So a couple of years ago, I thought I would take some time out and speak to that gigantic database and ask it, why do some people prefer one country more than another? And the answer that the database gave me completely staggered me. It was 6.8. I haven't got time to explain in detail. Basically what it told me was — (Laughter) (Applause) — the kinds of countries we prefer are good countries. We don't admire countries primarily because they're rich, because they're powerful, because they're successful, because they're modern, because they're technologically advanced. We primarily admire countries that are good. What do we mean by good? We mean countries that seem to contribute something to the world in which we live, countries that actually make the world safer or better or richer or fairer. Those are the countries we like. This is a discovery of significant importance — you see where I'm going — because it squares the circle. I can now say, and often do, to any government, in order to do well, you need to do good. If you want to sell more products, if you want to get more investment, if you want to become more competitive, then you need to start behaving, because that's why people will respect you and do business with you, and therefore, the more you collaborate, the more competitive you become.

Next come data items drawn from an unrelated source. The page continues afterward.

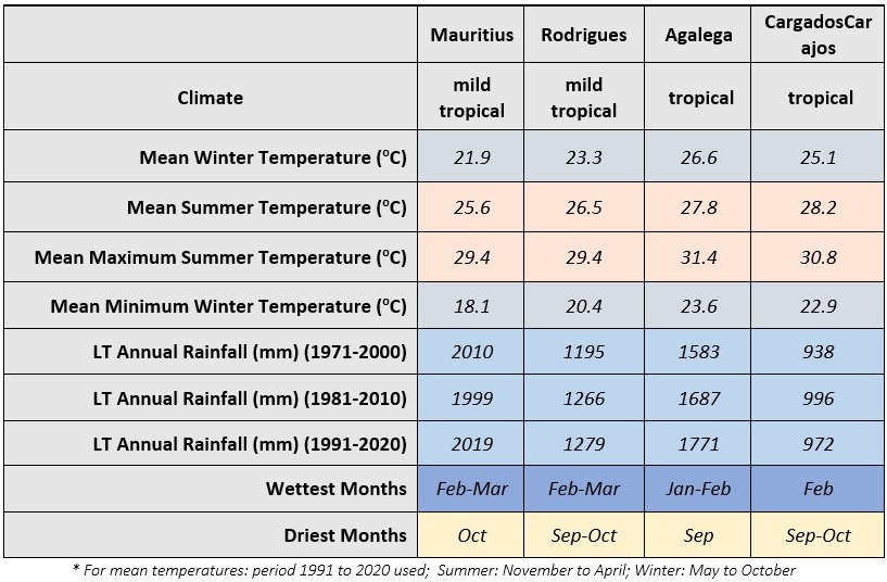 Monthly variation of climate parameters at various locations in Mauritius and Rodrigues (source: BTR1 2024)![]() | ||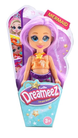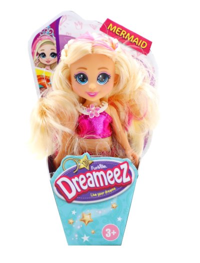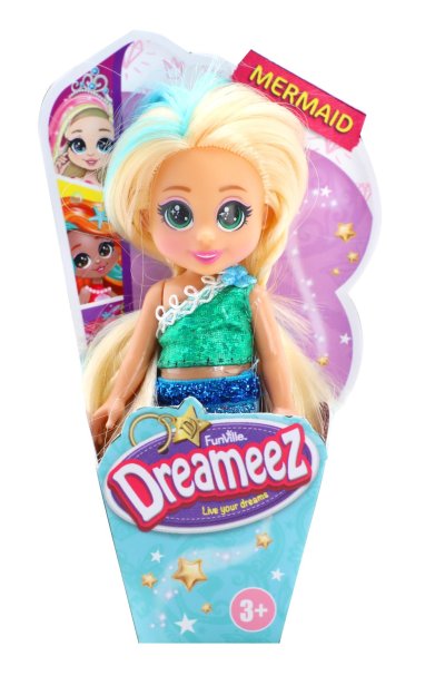 Dreameez mini morská panna v kornútku je roztomilá bábika o veľkosti cca 12 cm, oblečená v nádhernom morskom oblečení. Má dlhé vlásky, ktoré si deti môžu česať a upravovať, čo prináša množstvo zábavy pri vytváraní rôznych účesov a rozprávkových scén.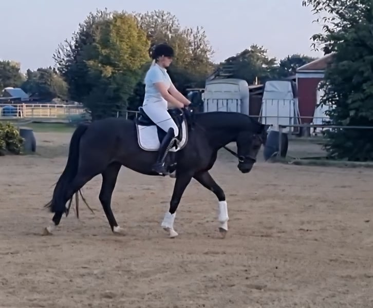 Wunderschöne Oldenburger Stute zu verkaufen Zum Verkauf steht eine talentierte Oldenburger Stute, geboren im Jahr 2021. Sie präsentiert sich in einem eleganten braunen Kleid und hat ein Stockmaß von 163 cm. Diese Stute zeigt großes Potenzial im Dressursport und ist sowohl für erfahrene Reiter als auch für ambitionierte Freizeitreiter geeignet. Ihr freundliches Wesen und ihre Lernbereitschaft machen sie zu einer idealen Partnerin. Mit ihrer positiven Einstellung und ihrem ansprechenden Bewegungsablauf wird sie sicherlich schnell das Herz ihres neuen Besitzers erobern. Sie steht bei uns im Sommer komplett draußen auf der Weide und im Winter nachts in der Box. Video auf Anfrage! Außerdem auch sehr interessant für die Zucht aufgrund erfolgreichem Mutterstamm. Die Schwester 7 j. ist auf dem Weg Richtung S Dr., die Mutter selbst war im Bundeskader, Deutsche Meisterschaft etc.. Wir wünschen uns ein schönes Zuhause wo sie im Mittelpunkt steht und noch weiterhin viel lernen darf.

This is quite an important discovery, and as soon as I discovered this, I felt another index coming on. I swear that as I get older, my ideas become simpler and more and more childish. This one is called the Good Country Index, and it does exactly what it says on the tin. It measures, or at least it tries to measure, exactly how much each country on Earth contributes not to its own population but to the rest of humanity. Bizarrely, nobody had ever thought of measuring this before. So my colleague Dr. Robert Govers and I have spent the best part of the last two years, with the help of a large number of very serious and clever people, cramming together all the reliable data in the world we could find about what countries give to the world.

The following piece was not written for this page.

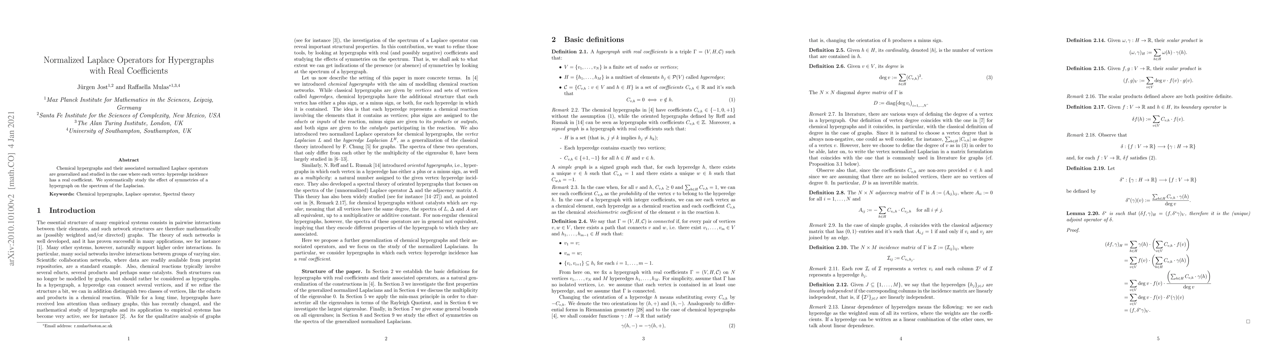 Chemical hypergraphs and their associated normalized Laplace operators are generalized and studied in the case where each vertex--hyperedge incidence has a real coefficient. We systematically study the effect of symmetries of a hypergraph on the spectrum of the Laplacian.

And you're waiting for me to tell you which one comes top. And I'm going to tell you, but first of all I want to tell you precisely what I mean when I say a good country. I do not mean morally good. When I say that Country X is the goodest country on Earth, and I mean goodest, I don't mean best. Best is something different. When you're talking about a good country, you can be good, gooder and goodest. It's not the same thing as good, better and best. This is a country which simply gives more to humanity than any other country. I don't talk about how they behave at home because that's measured elsewhere. And the winner is Ireland. (Applause) According to the data here, no country on Earth, per head of population, per dollar of GDP, contributes more to the world that we live in than Ireland. What does this mean? This means that as we go to sleep at night, all of us in the last 15 seconds before we drift off to sleep, our final thought should be, godammit, I'm glad that Ireland exists. (Laughter) And that — (Applause) — In the depths of a very severe economic recession, I think that there's a really important lesson there, that if you can remember your international obligations whilst you are trying to rebuild your own economy, that's really something. Finland ranks pretty much the same. The only reason why it's below Ireland is because its lowest score is lower than Ireland's lowest score.
Now the other thing you'll notice about the top 10 there is, of course, they're all, apart from New Zealand, Western European nations. They're also all rich. This depressed me, because one of the things that I did not want to discover with this index is that it's purely the province of rich countries to help poor countries. This is not what it's all about. And indeed, if you look further down the list, I don't have the slide here, you will see something that made me very happy indeed, that Kenya is in the top 30, and that demonstrates one very, very important thing. This is not about money. This is about attitude. This is about culture. This is about a government and a people that care about the rest of the world and have the imagination and the courage to think outwards instead of only thinking selfishly.
I'm going to whip through the other slides just so you can see some of the lower-lying countries. There's Germany at 13th, the U.S. comes 21st, Mexico comes 66th, and then we have some of the big developing countries, like Russia at 95th, China at 107th. Countries like China and Russia and India, which is down in the same part of the index, well, in some ways, it's not surprising. They've spent a great deal of time over the last decades building their own economy, building their own society and their own polity, but it is to be hoped that the second phase of their growth will be somewhat more outward-looking than the first phase has been so far.
And then you can break down each country in terms of the actual datasets that build into it. I'll allow you to do that. From midnight tonight it's going to be on goodcountry.org, and you can look at the country. You can look right down to the level of the individual datasets.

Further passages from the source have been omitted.